Songs that peaked at #6: 1986-1990

On seeing sometime in the nineties the title of Babyface’s second top ten, I thought this modern master of mechanized R&B had written its first S&M song. “Whip Appeal” isn’t “Venus in Furs,” but it at least shares a lineage with, say, “Pale Blue Eyes.” This era of #6 peaks was like that; these top five wannabes acted like Yeats’ description of Keats, “face and nose pressed to sweet-shop window.” The most longing face and nose? Swing Out Sister’s, whose “Breakout” remains a model of sophisti-pop soul and how to sell optimism without Orwellian vibes, although I’ve friends who resist what they see as a coercive positivity.

The Hague

Pseudy Echo – Funkytown
Rod Stewart – Love Touch
Billy Joel – I Go to Extremes
Dan Hill and Vonda Shepard – Can’t We Try
Cher & Peter Cetera – After All (Love Theme from Chances Are)
UB40 – The Way You Do the Things You Do

Meh

Jody Watley – Don’t You Want Me
Elton John – Candle in the Wind
Rick Astley – She Wants to Dance with Me
Bryan Adams – Heat of the Night
The Outfield – Your Love
After 7 – Can’t Stop
Huey Lewis and the News – Doin’ It All For My Baby
Lou Gramm – Just Between You and Me
Tyler Collins – Girls Nite Out
Billy Idol – To Be a Lover
Ann Wilson & Robin Zander – Surrender to Me
Dino – Romeo
Gloria Estefan – Here We Are
Foreigner – Say You Will
Steve Winwood – Don’t You Know What the Night Can Do?
Luther Vandross – Here and Now

Sound, Solid

Cameo – Word Up!
David Lee Roth – Just Like Paradise
Cyndi Lauper – I Drove All Night
Poison – Nothin’ but a Good Time
Prince – Thieves in the Temple
The Jets – Rocket 2 U
Mike + the Mechanics – Silent Running (On Dangerous Ground)
Mötley Crüe – Dr. Feelgood

Good to Great

Swing Out Sister – Breakout
R.E.M. – Stand
Bruce Springsteen – My Hometown
Karyn White – Secret Rendezvous
Brenda Russell – Piano in the Dark
Tracy Chapman – Fast Car
Babyface – Whip Appeal
.38 Special – Second Chance

2 thoughts on “Songs that peaked at #6: 1986-1990

  1. To Be a Lover is electronic rockabilly. Unheard of and totally convincing to me as a piece of music. The barrel piano! He oversells his singing antics, as always. A quibble. Funny the two songs I can stand from his solo output are in Whiplash Smile (the other is Sweet Sixteen)
    The cocaine-fueled version of Candle in the Wind makes total sense to me. It’s totally desperate, loud and bad sung. Camp singing about it. Just as Marylin would have liked. Gone is the naif and corny preciousness of the original. Very good to great list. Roy Orbison kills his own song.

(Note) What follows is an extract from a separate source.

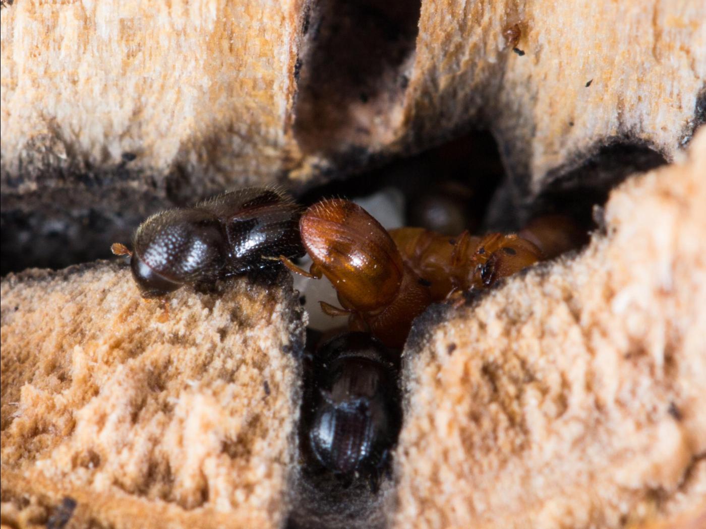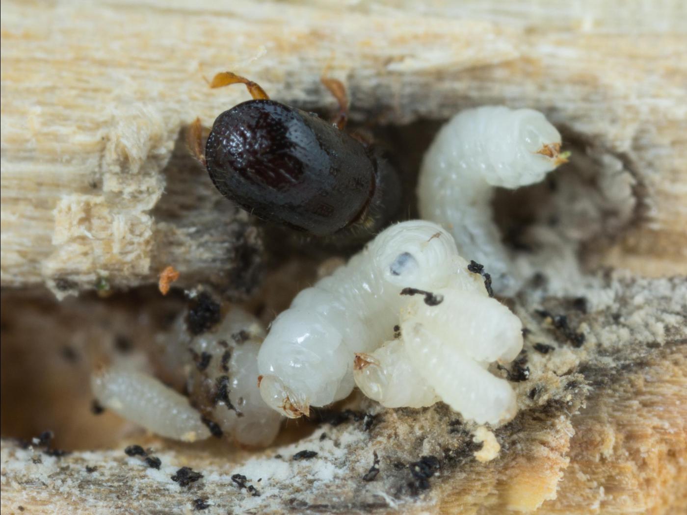 Après avoir terminé l’excavation et l’inoculation de la galerie et de la chambre, la femelle entame la ponte des œufs. Une moyenne de 16 œufs est pondue par chaque femelle à un rythme d’environ un par jour. Après une période d’incubation de trois à six jours, les œufs éclosent et les larves commencent à s’alimenter du mycélium présent sur les parois de la chambre. Le développement de la larve s’étale sur une période de 8 à 15 jours et trois stades larvaires sont complétés durant ce temps. Après avoir terminé sa croissance, la larve se transforme en pupe directement à l’intérieur de la chambre ou dans l’une des galeries reliées à celle-ci. La période de pupaison est de cinq à sept jours. Après s’être transformés en adulte, les individus restent à l’intérieur de la plante hôte où ils s’alimentent de champignons et s’accouplent en attendant la période hivernale. On retrouve généralement beaucoup plus de femelles que de mâles à l’intérieur des galeries. Un sex-ratio d’environ neuf femelles pour un mâle est généralement observé en milieu naturel.

    1. Coercive positivity? That’s a whole lotta crap. The ones who said this should stop seeing the video and listen. The video, indeed, is coercive fancy fabrics, two sidemen who seem like idiots and a beau who can’t dance for her life (but strikes poses). Your friends can’t seem to separate it from the fab song within. A pity.